Alexei Kosygin, Russian soldier and politician, 8th Premier of the Soviet Union (b. 1904)
Alexei Nikolayevich Kosygin (Russian: Алексе́й Никола́евич Косы́гин, IPA: [ɐlʲɪkˈsʲej nʲɪkɐˈla(j)ɪvʲɪtɕ kɐˈsɨɡʲɪn]; 21 February [O.S. 8 February] 1904 – 18 December 1980) was a Soviet statesman during the Cold War. He served as the Premier of the Soviet Union from 1964 to 1980 and was one of the most influential Soviet policymakers in the mid-1960s along with General Secretary Leonid Brezhnev.
Kosygin was born in the city of Saint Petersburg in 1904 to a Russian working-class family. He was conscripted into the labour army during the Russian Civil War, and after the Red Army's demobilization in 1921, he worked in Siberia as an industrial manager.
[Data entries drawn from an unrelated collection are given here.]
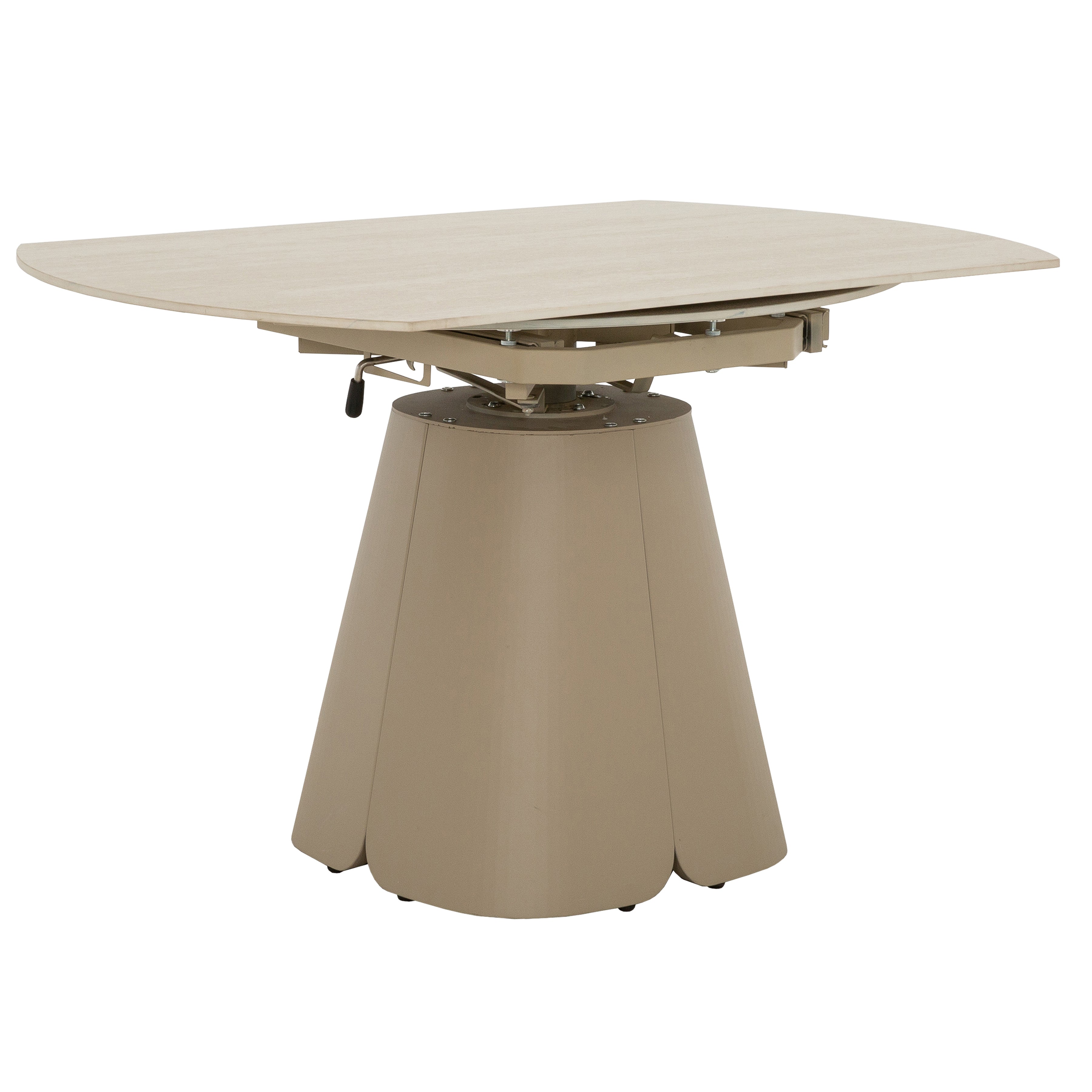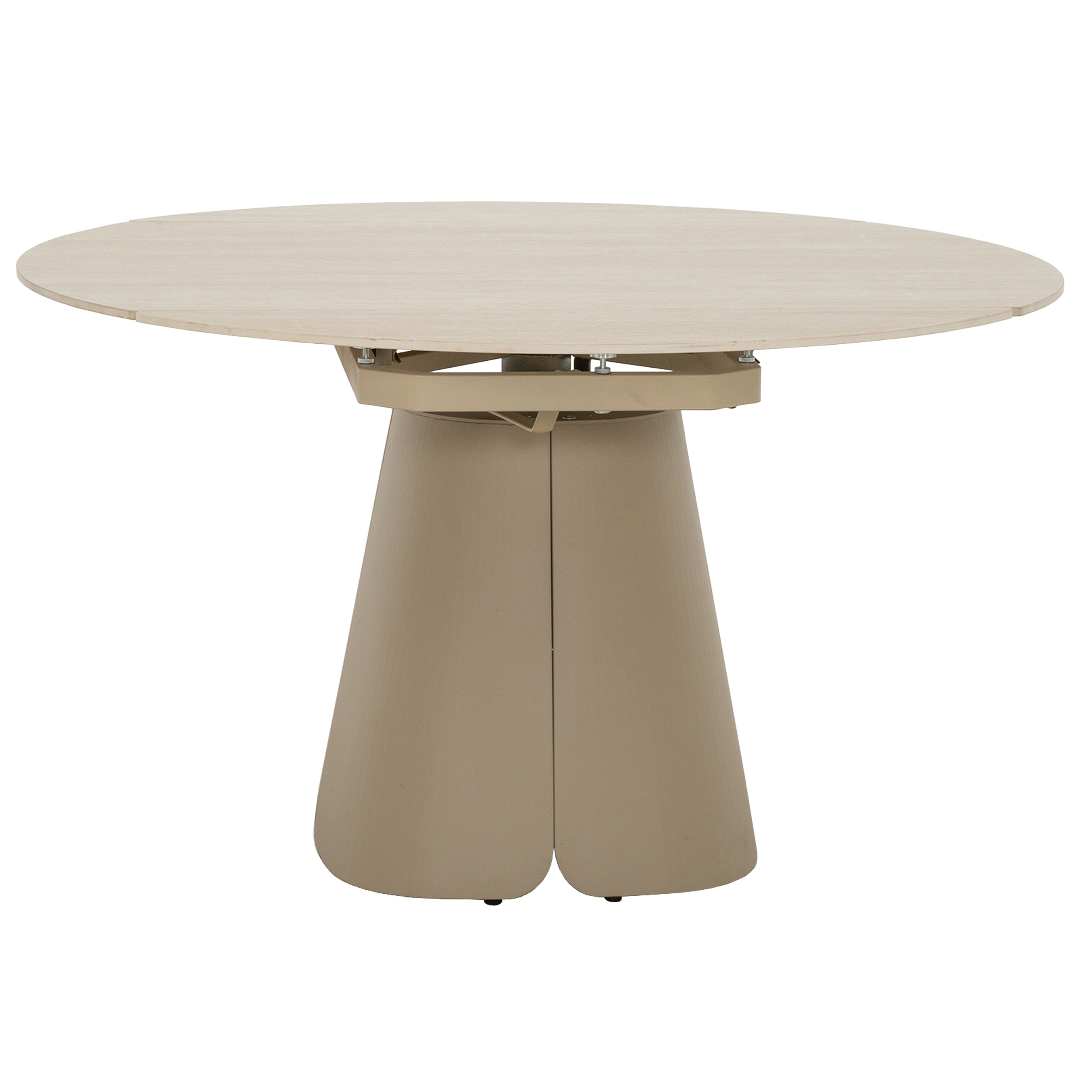 A smooth rotating extension system gives this marble-top dining table its effortless versatility. The round surface keeps conversation close, while the extendable design opens up space when guests arrive. Its marble-finish top adds a clean, elevated look that’s durable enough for everyday meals. A sculptural metal base, finished in soft powder coating, provides the stability customers want in a daily-use table. For homes that need flexible seating without sacrificing style, this design brings practical function and modern presence to any dining room.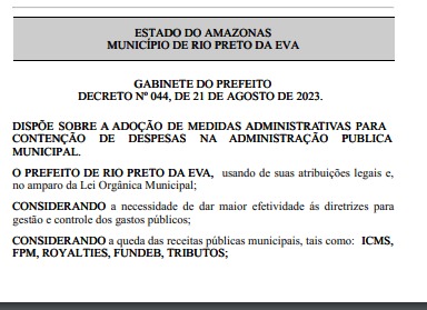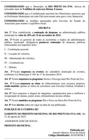 Amazonas – O prefeito de Rio Preto da Eva, Anderson Sousa (PP), está sofrendo uma onda de críticas crescentes após seu anúncio de suspensão temporária dos programas de saúde “Enxerga Mais Rio Preto” e “Sorria Mais Rio Preto”, em resposta às restrições orçamentárias impostas pelo Decreto nº 044, de 21 de agosto de 2023, que estabeleceu um corte de 20% nos gastos administrativos. Além dos programas de saúde, Anderson Sousa também suspendeu os tradicionais eventos da Feira da Laranja e da Marcha pra Jesus.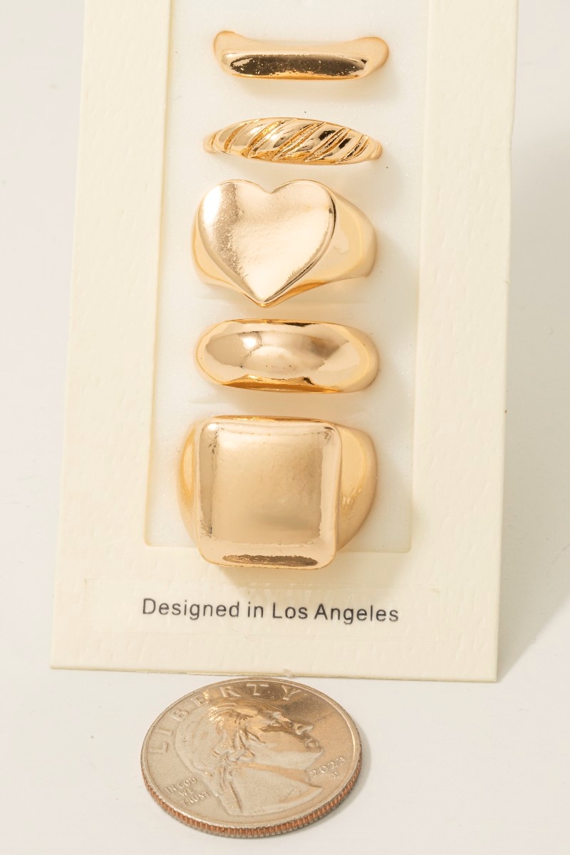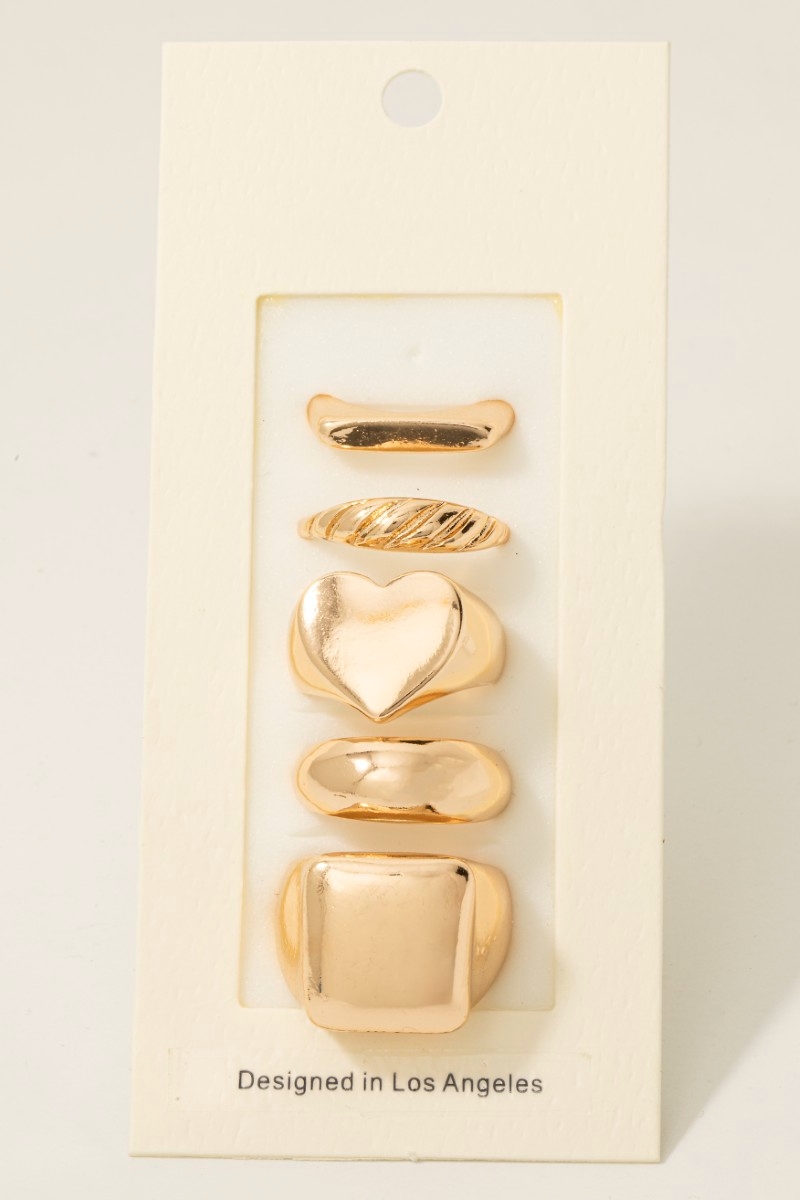 - This ring set introduces a stunning 5pc mixed signet band rings set style. Experience the joy of accessorizing with this piece that effortlessly combines versatility and charm.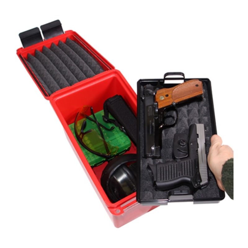 Features a lift out tray with special convoluted foam to protect your handguns. Double latching system prevent accidental opening and help seal the box closed. Two pad lock tabs makes it secure. The large comfortable handle makes it a easy to carry to the range.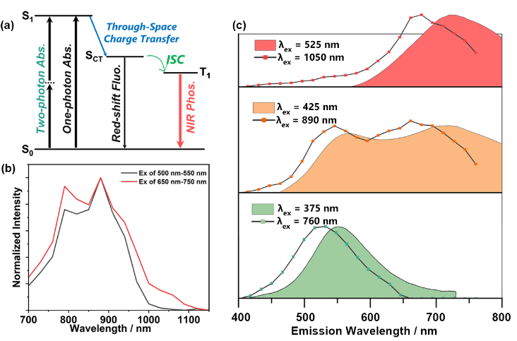 图3:(a)超分子组装体近红外激发和发射机制的可能机理示意图。(b) 双光子激发光谱。(c)单/双光子激发的稳态光谱。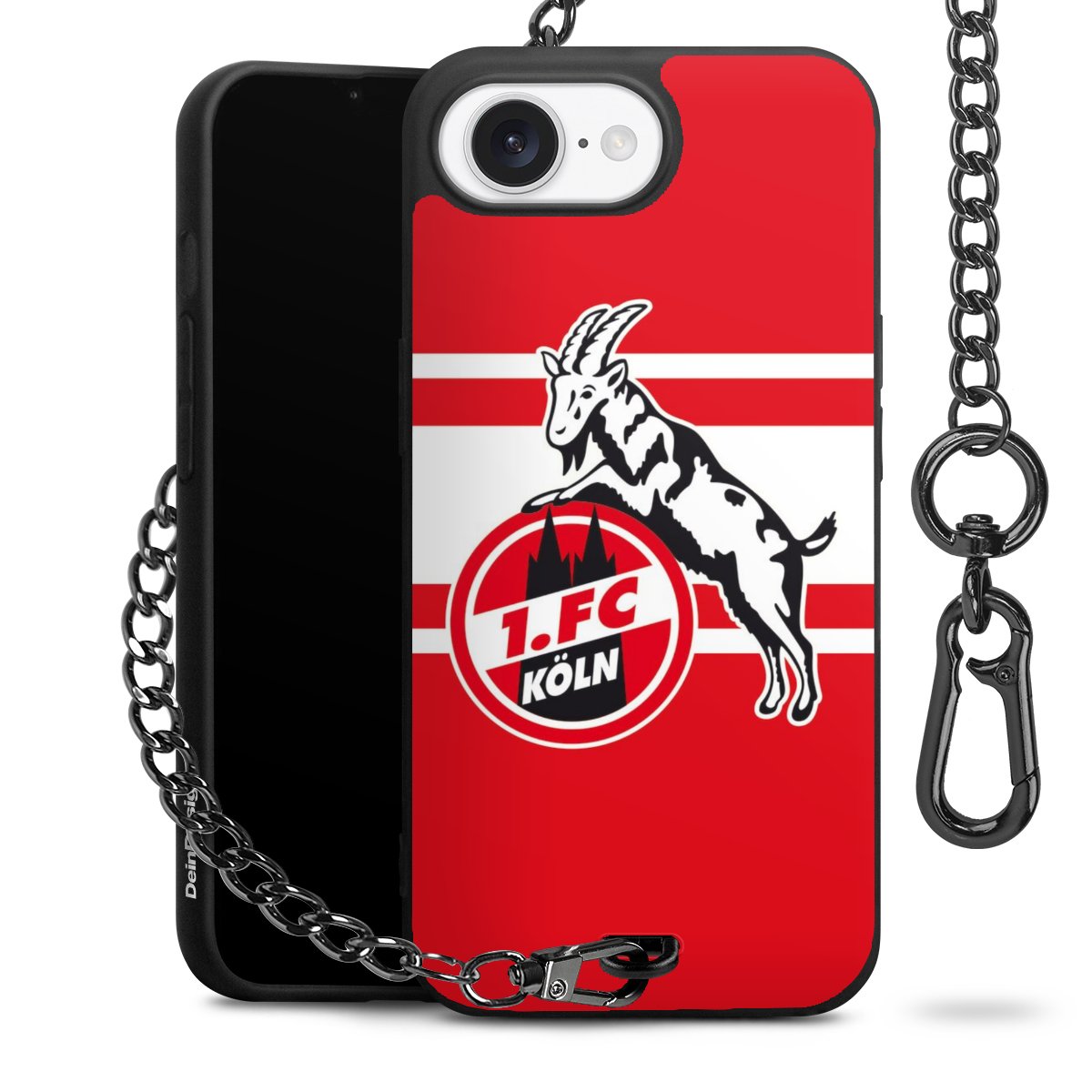Die Handyhülle verfügt über eine mittig am unteren Rand platzierte Öse, an der die Metallkette stabil befestigt ist. Bestelle die Hülle einfach für Dein Smartphone-Modell, dann passt sie wie angegossen und Du brauchst sie bloß einmal anzudrücken. Handy in die Tasche, Karabiner an den Hosenbund – schon kann die Party starten.

Kosygin returned to Leningrad in the early 1930s and worked his way up the Soviet hierarchy. During the Great Patriotic War (World War II), Kosygin was a member of the State Defence Committee and was tasked with moving Soviet industry out of territories soon to be overrun by the German Army. He served as Minister of Finance for a year before becoming Minister of Light Industry (later, Minister of Light Industry and Food). Stalin removed Kosygin from the Politburo one year before his own death in 1953, intentionally weakening Kosygin's position within the Soviet hierarchy.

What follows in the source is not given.